Reputation: 21
I'm following a tutorial on using Splash to extract data from a table on a javascript website. The code keeps scraping the main page instead of clicking through to the next page, so I end up with 10 repeats of the same page. I've tried changing the button JS path, but same results.
Anyone know how where I'm going wrong? Here is the URL I'm scraping: https://eservices.customs.gov.hk/MSOS/wsrh/001s1?searchBy=ALL
Here is the Lua Code from Splash:
function main(splash, args)
assert(splash:go(args.url))
assert(splash:wait(0.5))
treat=require('treat')
result= {}
for i=1,9,1
do
assert(splash:runjs('document.querySelector("#next_grid-table-pubSrch > span").click()'))
result[i]=splash.html()
end
return treat.as_array(result)
end
Upvotes: 0
Views: 441
Reputation: 21
Turns out I just needed to remove the span tag.
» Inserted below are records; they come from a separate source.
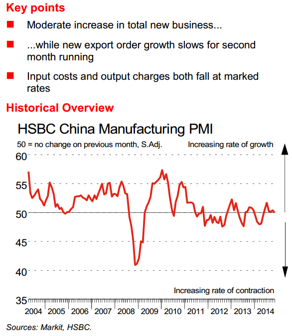 Показатель индекса деловой активности Китая в производственном секторе HSBC в ноябре снизился от 50.4 до 50. Индекс деловой активности (PMI) HSBC в сфере обрабатывающей промышленности, публикуемый Markit Economics, - это опережающий индикатор экономического здоровья сектора обрабатывающей промышленности Китая. Значение выше 50 также говорит о росте в секторе, а ниже 50 - о падении. Официальное производство PMI отсутствовало ранее. Внутренний спрос увеличился в слабом темпе, в то время как экспорт снизился к пятимесячному минимуму.
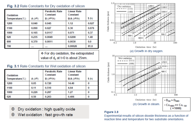 Если термическое окисление проводить в атмосфере водяного пара, то аналогичный слой при той же температуре можно получить примерно за 1час. Более высокая скорость объясняется меньшим эффективным диаметром молекул Н2О по сравнению с О2 и меньшей энергией активации диффузии молекул окислителя через растущий слой оксида.
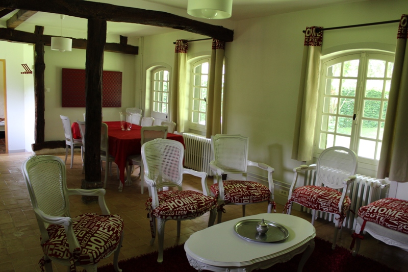 Salon avec canapé et fauteuils, écran plat chaînes TNT, lecteur DVD, chaîne Hifi, connexion internet.
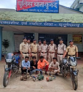 एवं 1 चोरी के मोटर सायकल सुपर स्प्लेंडर बिना नम्बर जिसे नयापारा के जीवन यादव द्वारा चोरी कर करण ध्रुव परखंदा को बेचा था उक्त मोटर सायकल को धारा 41(1+4) द.प्र.स.के तहत जप्त कर आरोपियों को विधिवत गिरफ्तार कर न्यायिक रिमांड पर भेजा गया है।
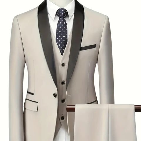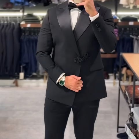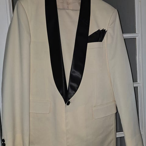 Selger smoking bestående av jakke, vest, bukse og milkehvit skjorte.
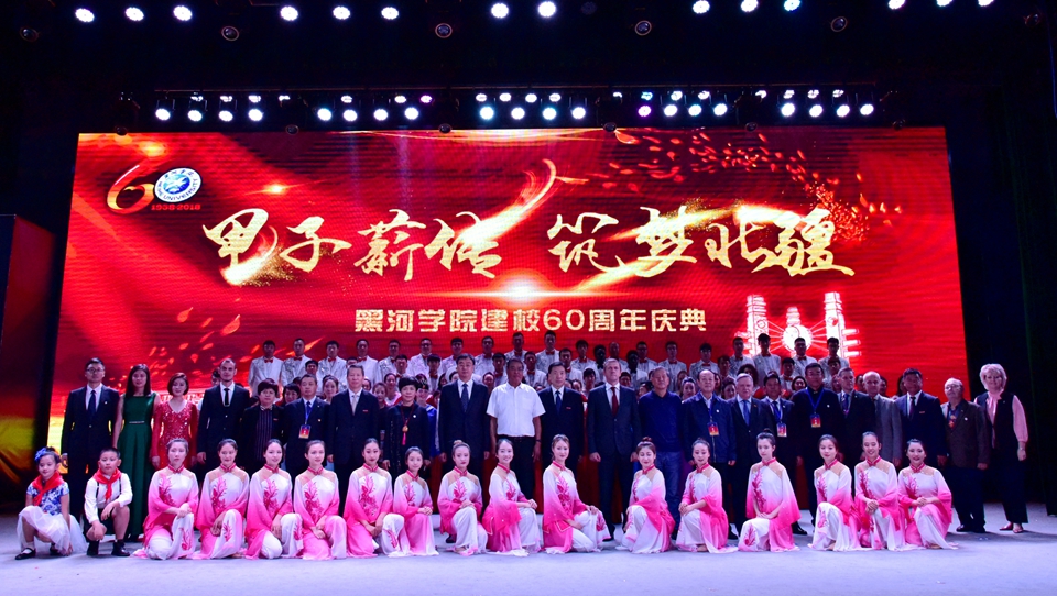黑河市领导秦恩亭、马里、蔺波,哈尔滨商业大学党委书记孙先民、哈尔滨体育学院党委书记曹百瑛、齐齐哈尔大学校长陈桂芝、绥化学院校长张凤武、黑龙江广播电视大学校长吕巧凤及国内兄弟院校的领导、俄罗斯合作院校校长到会祝贺;已经退休的原党委书记姜义男、曲伟建,校长马子龙、纪委书记孙丽莉、党委副书记李廷栋,曾经在校工作的原副校长、黑龙江工程学院副校长宋立权与校党政领导班子、历届校友和师生代表、各界来宾千余人参加庆典活动。20余万网友通过网易直播、微博直播同步收看庆典大会。

Here is the updated script for those who may have similar problem. I hit a 504 error around page around page 99/205, so will have to work that out. Will update when I solve this, no need to reply as you'll need to have my scrapy code for that. This is just for educational viewing now.
function main(splash, args)
assert(splash:go(args.url))
assert(splash:wait(0.3))
treat=require('treat')
result= {}
for i=1,205,1
do
assert(splash:runjs('document.querySelector("#next_grid-table-pubSrch").click()'))
assert(splash:wait(0.3))
result[i]=splash:html()
end
return treat.as_array(result)
end
Upvotes: 2